**PROBLEM STATEMENT:**
Please retype all of the entries that follow, leaving the images out.

*** Opening TASK INPUTS ***

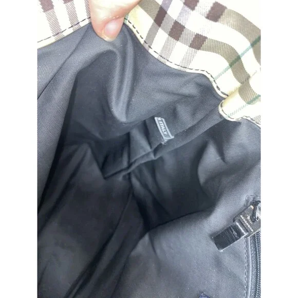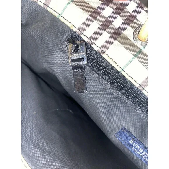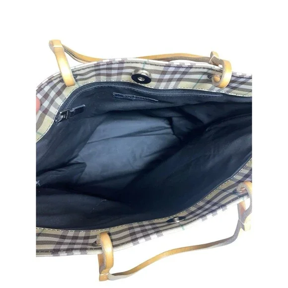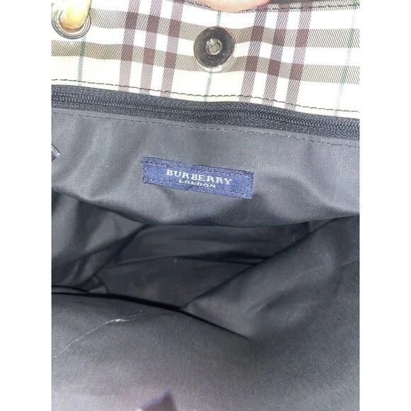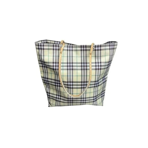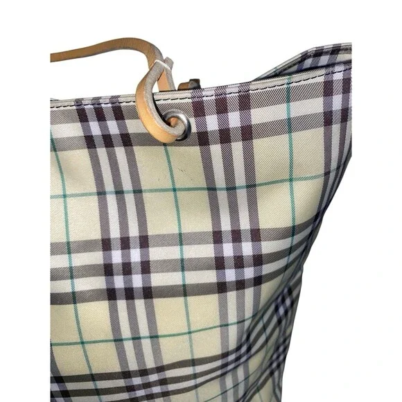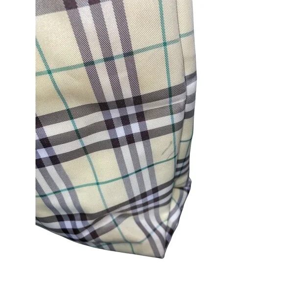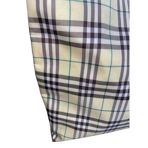 Vintage Burberry London Tote Bag Nylon Leather Cream Yellow Brown Plaid
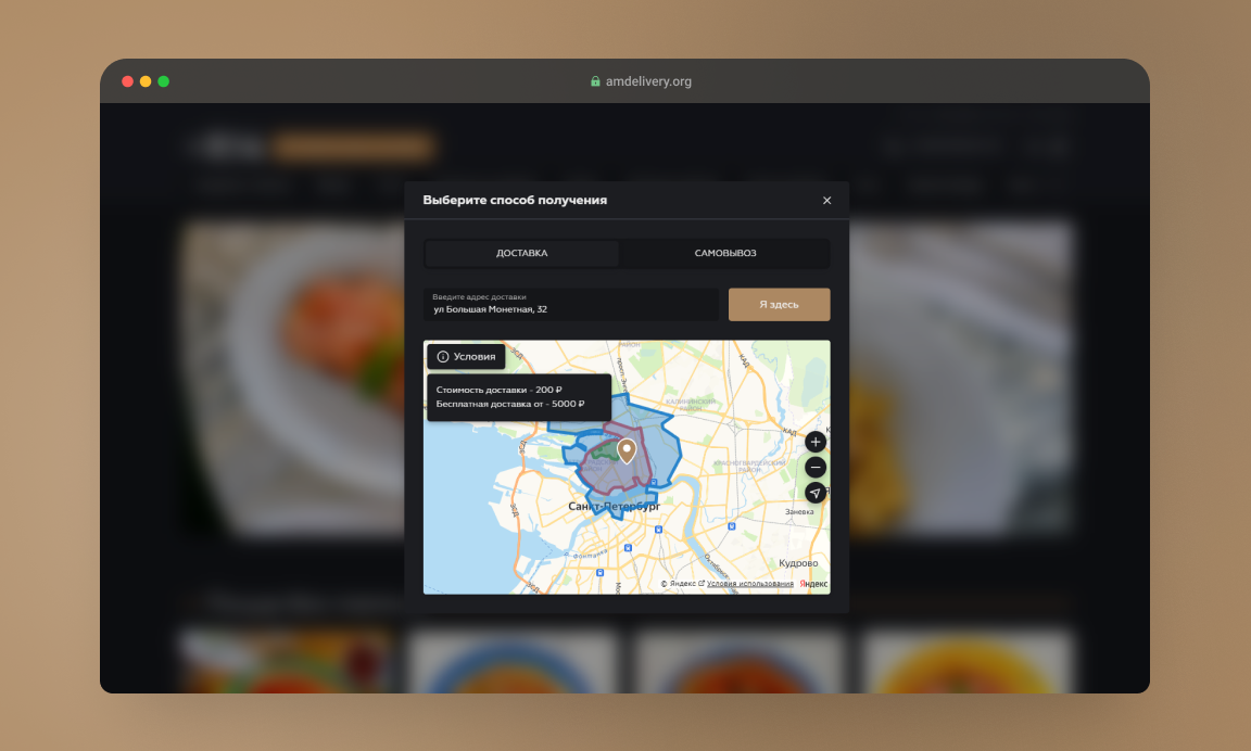 Для каждого ресторана было подключено отдельное юридическое лицо, а также настроены зоны доставки и интеграция с системой iiko.
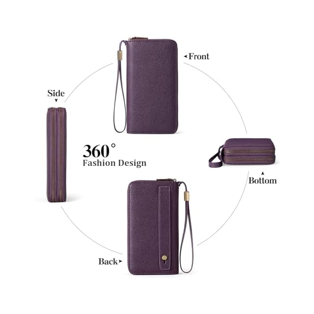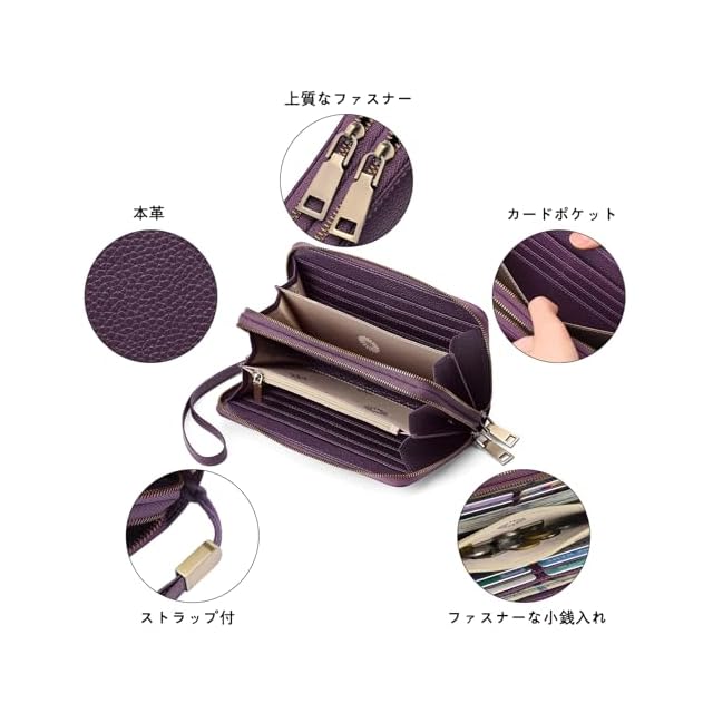 【ダブルジップデザイン】財布 レディースには2つの独立したファスナー仕切りがあり、必需品を整理するための最大のスペースを提供します。24枚のカードケース(各種クレジットカードを収納可能)、4枚のお札入れ(現金、領収書または手形を収納可能)、4枚の全長内側仕切り(現金、小切手帳または携帯電話を収納可能)、1枚のファスナーポケット(小銭と硬貨を収納可能)。
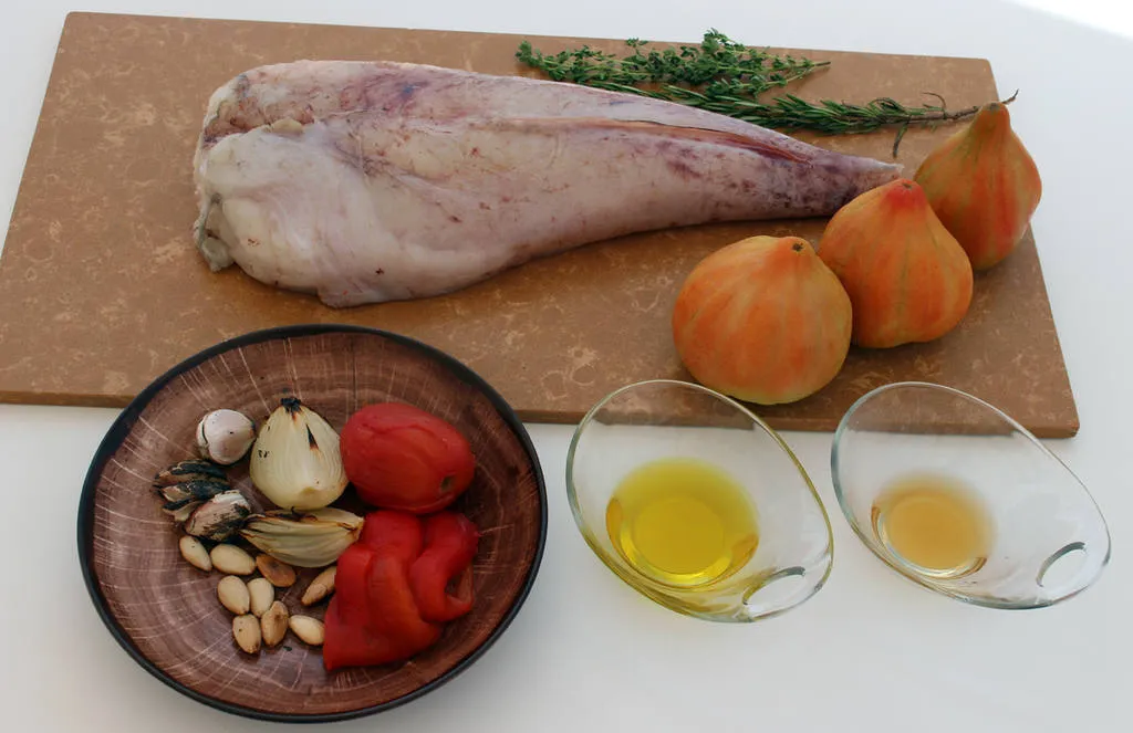 Rape asado con juego de verduras, salsa romescu y gelatina de tomate valenciano
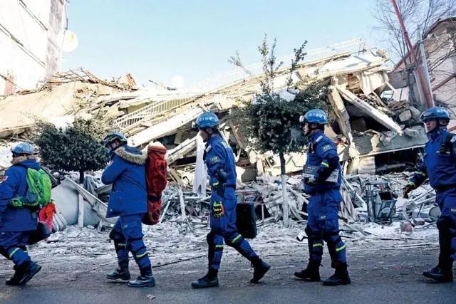 中国蓝天救援队队员在土耳其马拉蒂亚省参与搜救 图源丨视觉中国

*** Closing TASK INPUTS ***

**WRITTEN ANSWER:**
 Vintage Burberry London Tote Bag Nylon Leather Cream Yellow Brown Plaid
 Для каждого ресторана было подключено отдельное юридическое лицо, а также настроены зоны доставки и интеграция с системой iiko.
 【ダブルジップデザイン】財布 レディースには2つの独立したファスナー仕切りがあり、必需品を整理するための最大のスペースを提供します。24枚のカードケース(各種クレジットカードを収納可能)、4枚のお札入れ(現金、領収書または手形を収納可能)、4枚の全長内側仕切り(現金、小切手帳または携帯電話を収納可能)、1枚のファスナーポケット(小銭と硬貨を収納可能)。
 Rape asado con juego de verduras, salsa romescu y gelatina de tomate valenciano
 中国蓝天救援队队员在土耳其马拉蒂亚省参与搜救 图源丨视觉中国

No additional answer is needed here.